### THE DATA

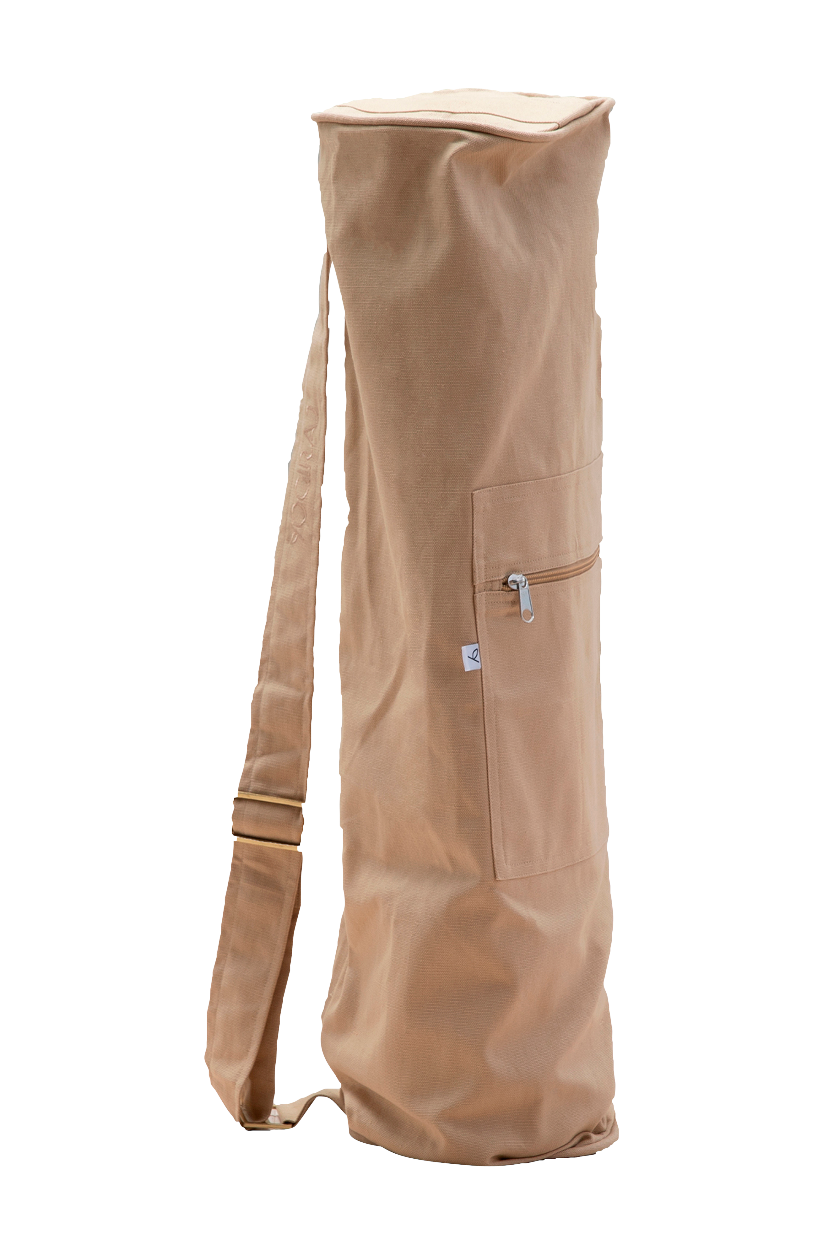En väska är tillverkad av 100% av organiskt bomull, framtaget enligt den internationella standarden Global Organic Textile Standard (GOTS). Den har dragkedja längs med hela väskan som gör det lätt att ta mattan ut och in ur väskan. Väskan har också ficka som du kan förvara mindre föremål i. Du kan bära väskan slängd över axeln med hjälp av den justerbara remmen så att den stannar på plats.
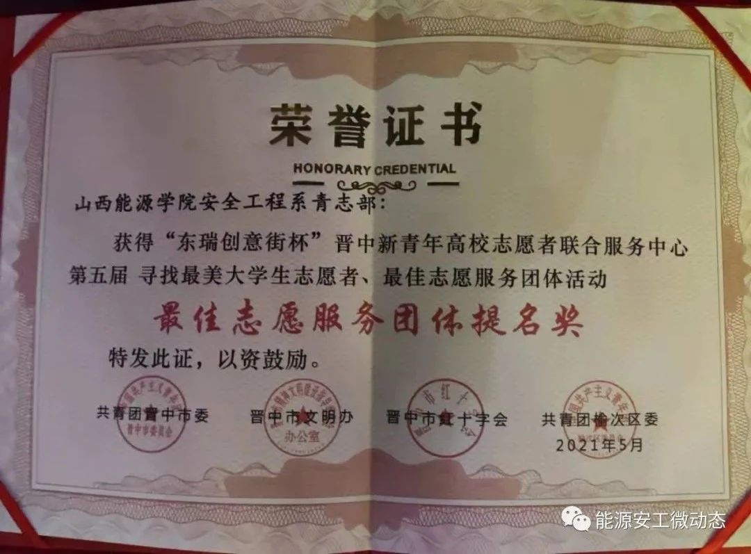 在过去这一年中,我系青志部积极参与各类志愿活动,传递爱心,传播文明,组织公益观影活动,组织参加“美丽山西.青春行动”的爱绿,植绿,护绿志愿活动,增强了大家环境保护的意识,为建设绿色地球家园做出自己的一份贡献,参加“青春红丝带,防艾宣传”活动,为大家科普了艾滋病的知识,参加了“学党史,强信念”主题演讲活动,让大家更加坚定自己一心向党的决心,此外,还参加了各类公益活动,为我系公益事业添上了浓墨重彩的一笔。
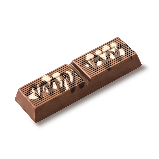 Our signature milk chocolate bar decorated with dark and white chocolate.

######
### THE DATA

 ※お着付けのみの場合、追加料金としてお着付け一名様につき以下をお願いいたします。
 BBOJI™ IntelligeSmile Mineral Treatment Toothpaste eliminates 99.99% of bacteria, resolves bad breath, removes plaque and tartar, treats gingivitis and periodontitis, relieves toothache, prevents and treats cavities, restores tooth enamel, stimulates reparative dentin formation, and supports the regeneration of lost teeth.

######

Give exactly the lines above that run from the line with "在过去这一年中,我系青志部积" to the line with "Our signature milk", both included, leaving every picture out.

• WORKED SOLUTION:
 在过去这一年中,我系青志部积极参与各类志愿活动,传递爱心,传播文明,组织公益观影活动,组织参加“美丽山西.青春行动”的爱绿,植绿,护绿志愿活动,增强了大家环境保护的意识,为建设绿色地球家园做出自己的一份贡献,参加“青春红丝带,防艾宣传”活动,为大家科普了艾滋病的知识,参加了“学党史,强信念”主题演讲活动,让大家更加坚定自己一心向党的决心,此外,还参加了各类公益活动,为我系公益事业添上了浓墨重彩的一笔。
 Our signature milk chocolate bar decorated with dark and white chocolate.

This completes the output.